In 1892, after graduating from Oxford, Bell went “to the East,” which she rarely left before her (probably self-inflicted) death in 1926. She was fascinated with the Arabs–their language and its dialects, their culture, their arts. She wrote numerous books. When World War I broke out, Bell joined the Red Cross. She also worked for the British government, possibly as a spy. She hobnobbed with the mighty and famous: a photograph shows her sitting between Winston Churchill and T. E. Lawrence.
In return for cooperating with the British, the Arabs were promised their own country after World War I. Not given one, they revolted. Bell, blaming oil for much of the problem (does that sound familiar?), sided with the Arabs. Appointed Director of Antiquities, Bell created the Museum of Iraq, which, tragically, was ransacked in 2003.

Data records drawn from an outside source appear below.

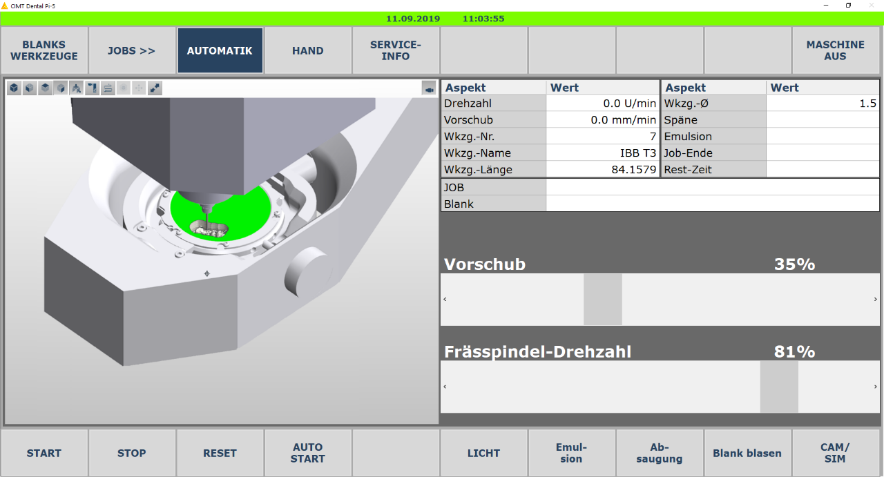 Tightly integrated in the MTX, the ModuleWorks simulation technology has direct access to the real axis positions, machine geometries and workpiece position and uses the same motion data as the real servos to deliver a highly accurate real-time simulation of the entire machine kinematics. CIMT operators benefit from a detailed and unobscured visualization of the whole dental machining process from every angle in real-time. The simulation also offers visual aids such as a deviation analysis to highlight the rest material after machining.
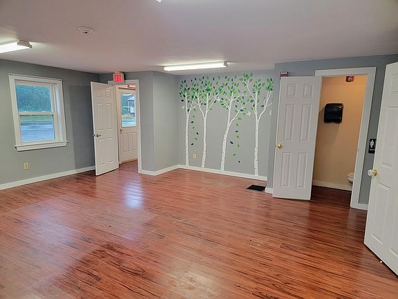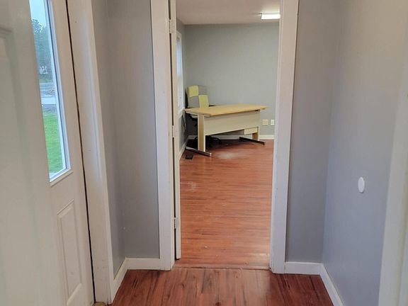 Recently updated office space that was previously a single family home...could be converted back to a home with a little time and effort. Fenced in back yard, two 1/2 Bathrooms, a kitchen/dining room as well as two large rooms at the front of the building as well as a large room in back with heat pump, and new carpet. Possibilities are endless~! Great parking, level lot, and has a new hookup to the town water supply.
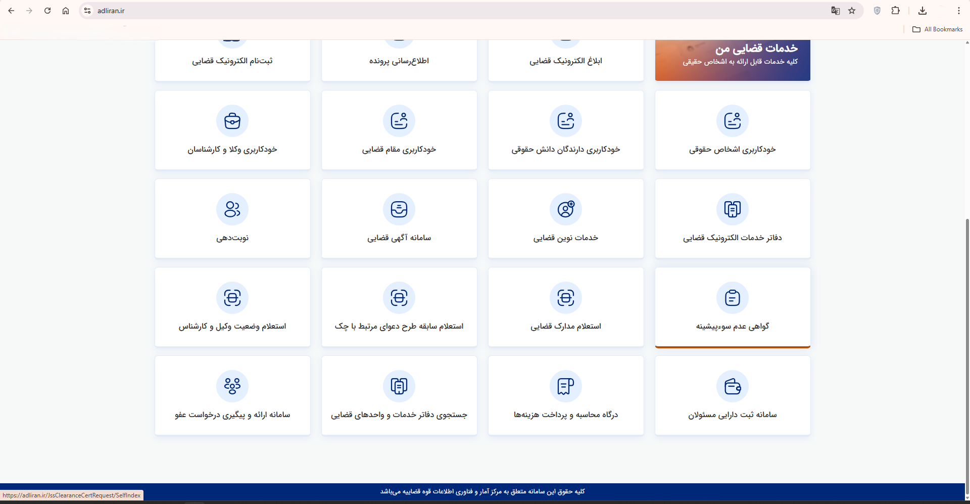 - از بخش «خدمات الکترونیک قضایی» گزینه گواهی عدم سوءپیشینه را انتخاب کنید.
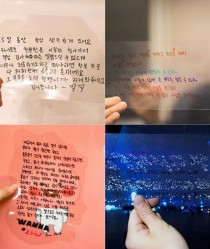 워너원이 1주년을 맞아 네이버 V앱에서 이벤트를 개최한 가운데 이들이 sns를 통해 손편지를 공개했다.
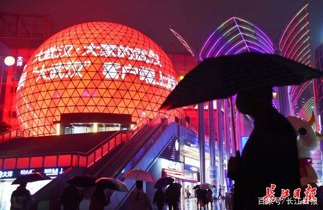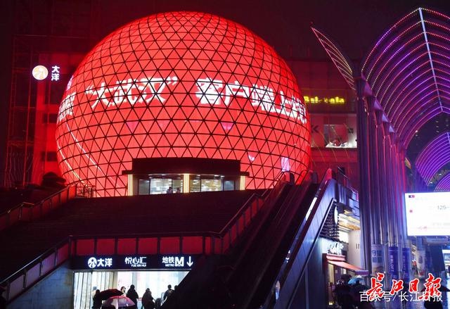 19日晚,在光谷步行街街口,高达30米的LED球屏上出现了“大武汉·大家的武汉”“大武汉客户端上线”字样。
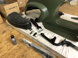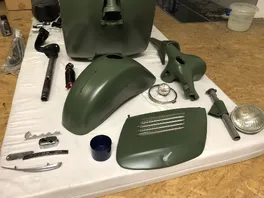 Nun, gestern abend habe ich die Dame abgeholt. Ein paar sehr sauber lackierte Blechteile und kartonweise Teile, alt und neu.
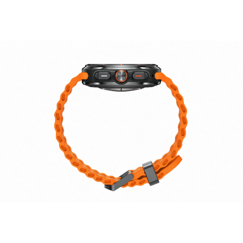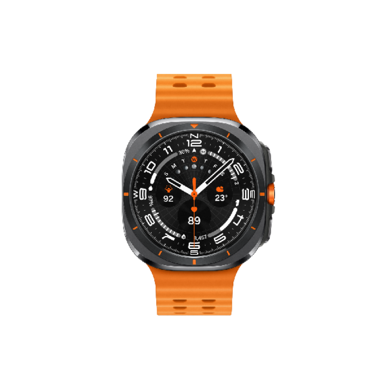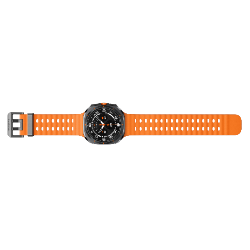 De Galaxy Watch Ultra 47mm LTE in Titanium Gray combineert een strak design met robuuste materialen. De titanium behuizing en het saffierglas zorgen voor een hoge duurzaamheid en weerstand tegen krassen. Met een kastgrootte van 47 mm en een gewicht van 60,5 gram biedt deze smartwatch een stevige, maar comfortabele pasvorm voor dagelijks gebruik. Het oranje siliconen bandje is verwisselbaar, zodat je het horloge kunt aanpassen aan je persoonlijke stijl. Daarnaast is de smartwatch waterbestendig tot 10 ATM en heeft hij een IP68-classificatie, wat betekent dat hij bestand is tegen stof en water, ideaal voor diverse buitenactiviteiten.
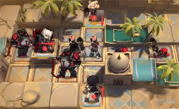 1.开局如下图位置部署奥斯塔(向右)→ 古米(向下)→ 蛇屠箱(向上)。
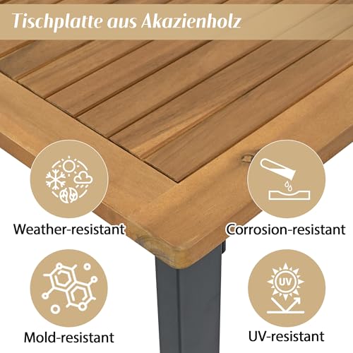 - 【هيكل قوي بمواد عالية الجودة】 المواد الرئيسية لمجموعة الأثاث هذه هي خشب الأكاسيا والفولاذ المجلفن. بالإضافة إلى ذلك، فإن هذه المواد صديقة للبيئة للغاية. خشب الأكاسيا مقاوم للتآكل للغاية، وله خاصية عدم المرور بالبرد في الشتاء والحار في الصيف، وهو غير ضار بجسم الإنسان، وليس من السهل تشويهه، ويمكن استخدامه لفترة طويلة.
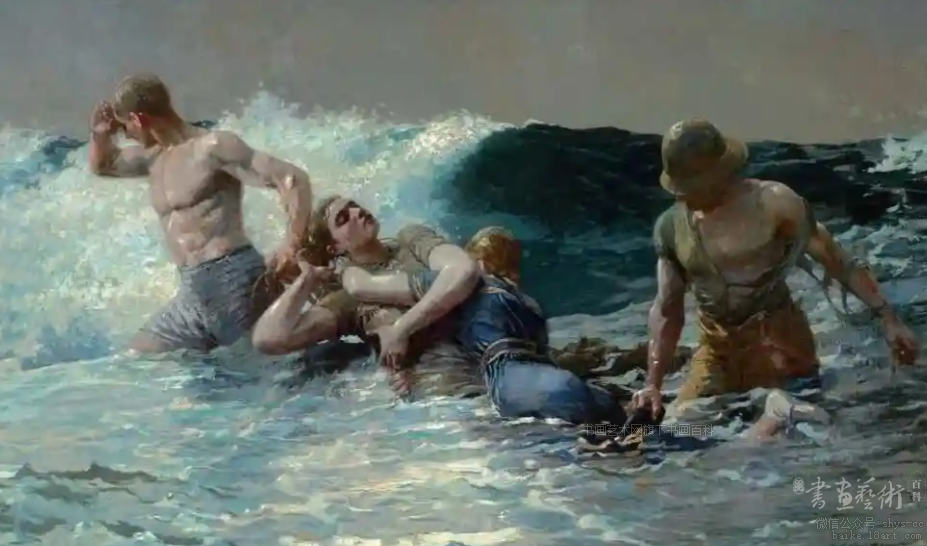 温斯洛·霍默出生于波士顿的一个中产阶级家庭。父亲是一个善良的商人,母亲受过良好教育,这使霍默从小就生活在一个艺术环境之中。早年当印刷徒工,后来霍默在纽约全国美术设计学院接受了正规的艺术教育。1857年自设画室,并经常为报刊做插图。1866年赴巴黎,此间作品常以农场、愉快的儿童、夏天的风景为主。1873年开始做水彩画,别具一格。1881年赴英国,居北海渔村,1883年返回纽约。晚年曾访问巴哈马、古巴等地。作品多以现实主义手法逼真的描绘了伐木工人、猎人、渔民及黑人的生活,后期常以雄伟的大海和暴风雨为主题,寓意深远。主要作品有《疾风》、《船舶遇难》、《伐木工》。

In addition to the footage of Baghdad, Tehran, the desert, and the antiquities Bell collected, “Letters from Baghdad” also shows London street scenes circa 1915, scenes from World War I, Cairo, and much more. Bell’s two ill-fated romances (the focus of Herzog’s “Queen of the Desert”) are mentioned but not emphasized. As essentially the only woman in a similarly important position in the British government in the east, she suffered from loneliness and lack of female companionship, as well as physical ailments, none of which are elaborated in her letters. She died of an overdose of sleeping pills.
“Letters from Baghdad” doesn’t sentimentalize or glamorize Gertrude Bell. Rather, it’s a window into an extraordinary woman’s life and career, well worth watching.